First part of question: p tag
I have a string that contains text with unnecessary line breaks caused by p tags, example:
hi ev
try using str_replace
$content = str_replace(array("<p> </p>\n", " <br />\n"), array('', ''), $content);
To use regex:
$content = preg_replace('/((<p\s*\/?>\s*) (<\/p\s*\/?>\s*))+/im', "<p> </p>\n", $content);
and for BRs
$content = preg_replace('/( (<br\s*\/?>\s*)|(<br\s*\/?>\s*))+/im', "<br />\n", $content);
EDIT Heres why your regex works (hopefully so you can understand it a bit :) ):
/((\\n\s*))+/im
^ ^^^ ^^ ^^^^
| \|/ || ||\|
| | || || -- Flags
| | || |-- Regex End Character
| | || -- One or more of the preceeding character(s)
| | |-- Zero or More of the preceeding character(s)
| | -- String Character
| -- Newline Character (Escaped)
-- Regex Start Character
Every regex expression must start and end with the same character. In this case, i've used the forward slash character.
The ( character indicates an expression block (to replace)

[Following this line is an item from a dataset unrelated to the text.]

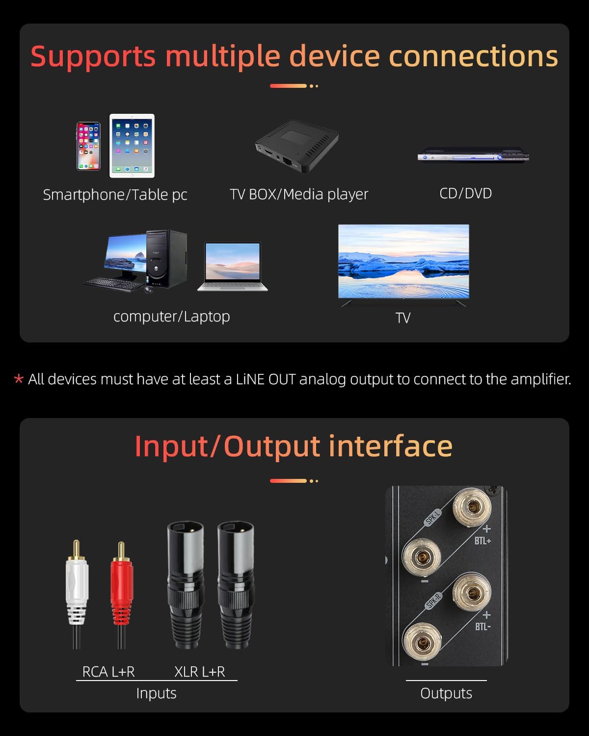 - Wide Application ▶ Balanced XLR/single-end RCA input supports multiple device connections:computer/laptop/smartphone/Table pc/CD/DVD/TV BOX/media player/TV, etc. Recommend for home TV audio, computer audio system-game, bookshelf speakers, floor standing speakers and other passive speakers.

The Newline character is \n. Because the backslash is used as the escape character in regex, you will need to escape it: \\n.
The string character is \s. This will search for a string. The * character means to search for 0 or more of the preceeding expression, in this case, search for zero or more strings: \s*.
The + symbols searches for ONE or more of the preceeding expresssion. In this case, the preceeding expression is (\\n\s*), so as long as that expression is found once or more, the preg_replace function will find something.
The flags I've used i and m means case *I*nsensitive, (not really needed for a newline expression), and *M*ultiline - meaning the expression can go over multiple lines of code, instead of the code needing to be on one line.